Zie antwoord vraag 1.
Zie antwoord vraag 1.
Zie antwoord vraag 1.
In de nota naar aanleiding van het verslag bij het wetsvoorstel vereenvoudiging Wajong heb ik de Tweede Kamer geïnformeerd over de uitkomsten van de verkenning van opties om extra’s (zoals een bonus of gratificatie) boven het maandinkomen niet te verrekenen met de inkomensondersteuning5.
In de Wet arbeidsongeschiktheidsvoorziening jonggehandicapten zijn de regels voor inkomensondersteuning voor mensen in de oWajong, Wajong2010 en Wajong2015 opgenomen. Als een Wajonger inkomen uit arbeid ontvangt, wordt het inkomen door UWV verrekend met de uitkering conform de regels voor inkomensondersteuning waar de betrokkene onder valt. In lagere regelgeving (Algemeen inkomensbesluit en regeling samenloop) is vastgelegd welke inkomensbestanddelen UWV moet verrekenen met de uitkering. In de meest voorkomende gevallen bepaalt het loon in de zin van de Wet op de loonbelasting 1964 het inkomen.

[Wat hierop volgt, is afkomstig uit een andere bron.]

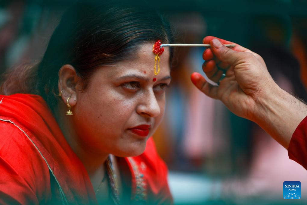 A devotee receives a tika on her forehead during the celebration of Naga Panchami, a Hindu festival dedicated to the worship of snakes, in Kathmandu, Nepal, July 29, 2025. (Photo by Sulav Shrestha/Xinhua)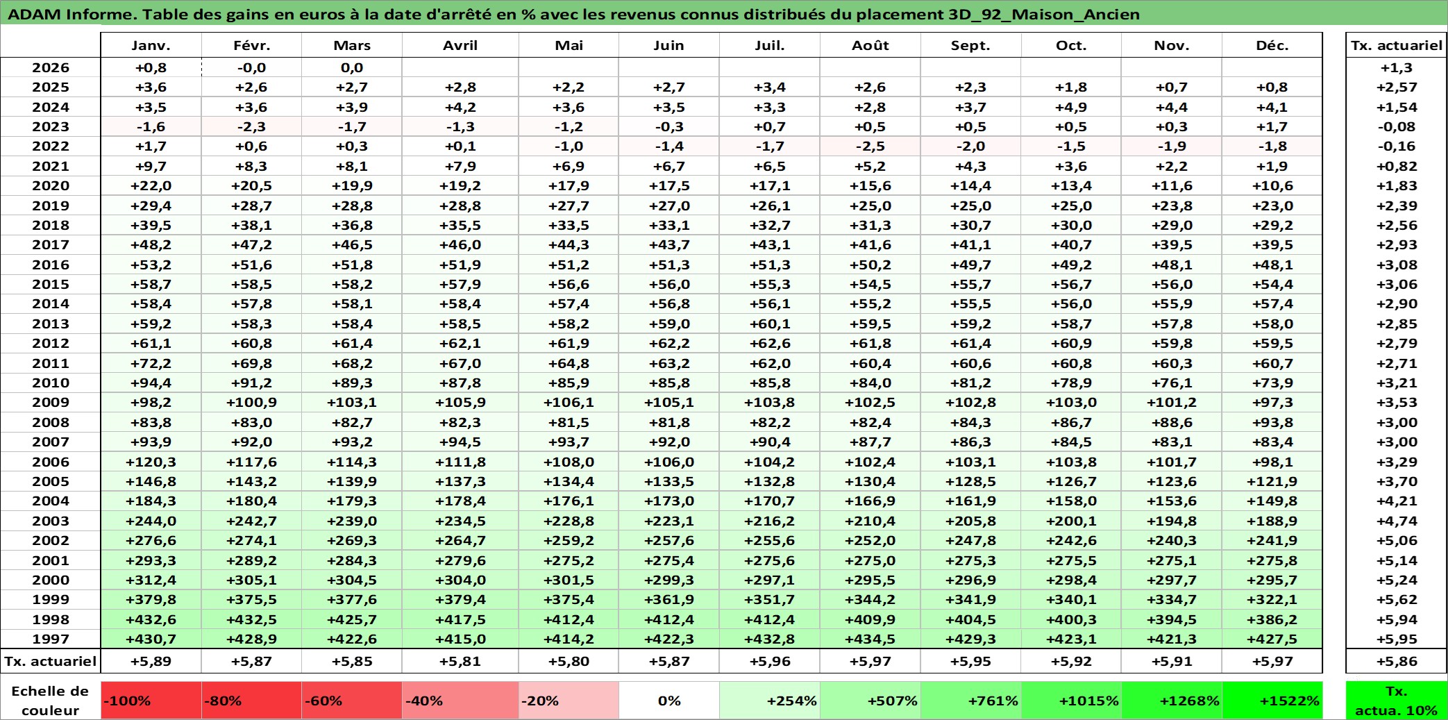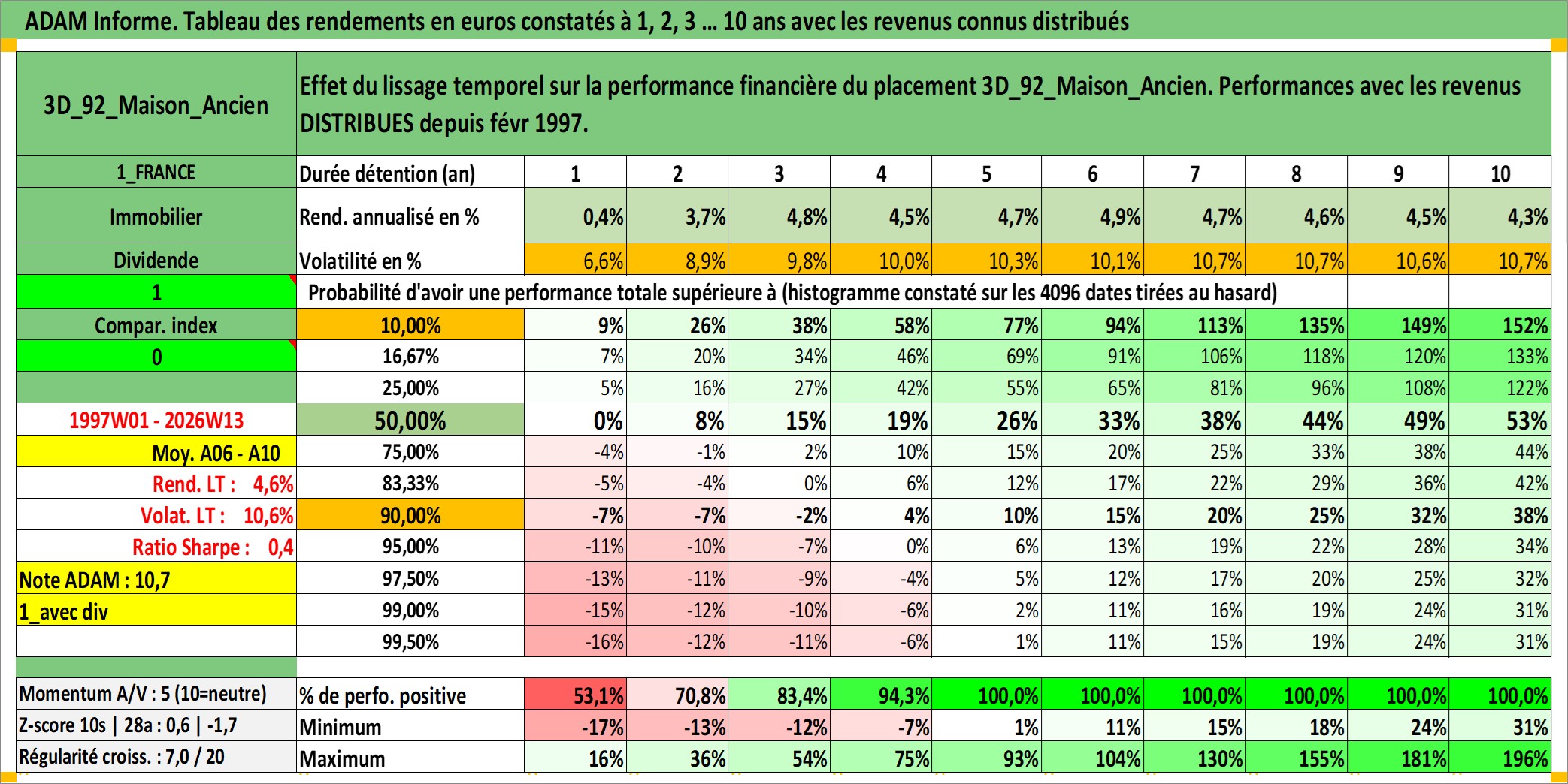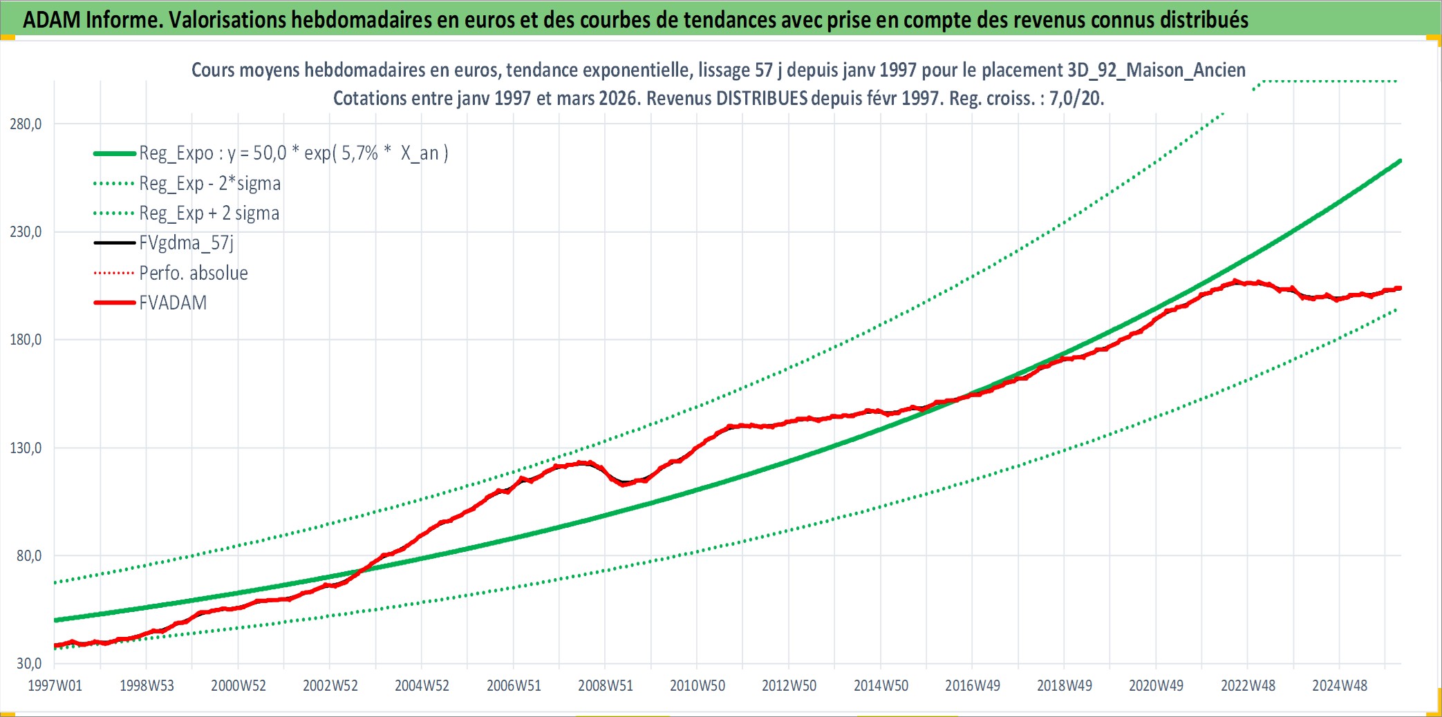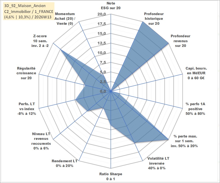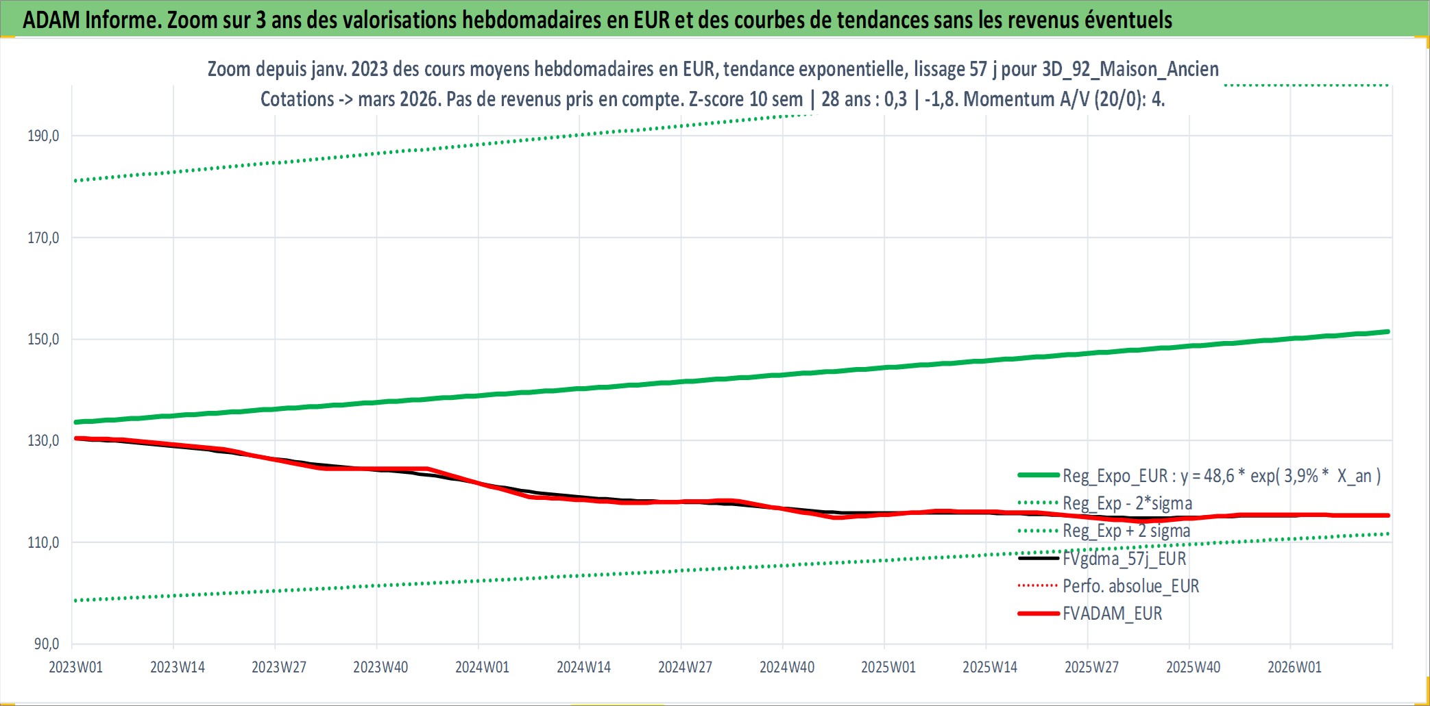 Site dédié aux investisseursPage dédiée sur site financeAnalyse des valorisations hebdomadaires de l'actif 3D_92_Maison_Ancien. Cet actif est cote en EUR. Les valorisations couvrent les semaines 1997W01 a 2026W13. Les loyers de cet actif immobilier sont pris egaux a 3,33% annuels de la valeur venale du logement.

Een eenmalige verstrekking bij ten minste 12,5 jaar in dienst is op basis van de Wet op de loonbelasting niet vrijgesteld. Dergelijke uitkeringen zijn loon in de zin van de Wet op de loonbelasting en vallen daarmee onder het inkomensbegrip zoals dat in het Algemeen Inkomensbesluit en de Regeling samenloop is opgenomen. Dat betekent dat UWV dergelijke uitkeringen moet verrekenen met de Wajong-uitkering. Om voor de Wajong af te wijken door extra’s boven het maandinkomen vrij te stellen, moet UWV kunnen beschikken over betrouwbare gegevens over de feitelijke hoogte van deze extra’s. Dit is momenteel niet mogelijk, omdat in de loonaangifte geen onderscheid wordt gemaakt in het vaste loon en eventuele extra’s.
UWV geeft aan dat alleen aanpassing van de Wet op de loonbelasting 1964 uitvoerbaar en handhaafbaar is. Alleen door naast een extra uitkering voor 25- en 40-jaar dienstjubilea ook andere extra’s uit te sluiten van het loonbegrip, kunnen deze inkomsten buiten de verrekening van de uitkering blijven. Dit zou ertoe leiden dat deze extra uitkering en andere extra’s niet worden meegenomen in de verrekening van de uitkering. Een dergelijke uitbreiding acht het kabinet, zoals ook aangegeven in de nota naar aanleiding van het verslag, vanwege de generieke doorwerking naar alle werknemers disproportioneel.
De reden dat er naast aanpassing van de Wet op de loonbelasting 1964 geen uitvoerbare en handhaafbare alternatieven zijn, is dat betrouwbare gegevens over de feitelijke hoogte van de extra’s in de registratie bij UWV ontbreken. Dergelijke gegevens kunnen alleen verkregen worden door het inrichten van een handmatig proces waarbij werkgevers en Wajongers informatie aan UWV doorgeven. Een dergelijk proces brengt handhavings- en frauderisico’s met zich mee omdat de ontvangen gegevens niet gecontroleerd kunnen worden.
Binnen het huidige wettelijke kader is het niet mogelijk om extra’s boven het maandinkomen zoals bonussen en gratificaties volledig vrij te stellen. Met de voorgestelde geharmoniseerde inkomensregeling behouden Wajongers bij het ontvangen van extra’s boven het maandinkomen in ieder geval minimaal 30 procent. Voor de Wajongers die in het kader van de garantieregeling een uitkering ontvangen ter hoogte van het garantiebedrag, geldt dat zij eenmalige beloningen volledig kunnen behouden. Bij een (tijdelijke) toename van het inkomen door bijvoorbeeld een extra bovenop het maandinkomen blijft dit garantiebedrag namelijk van toepassing.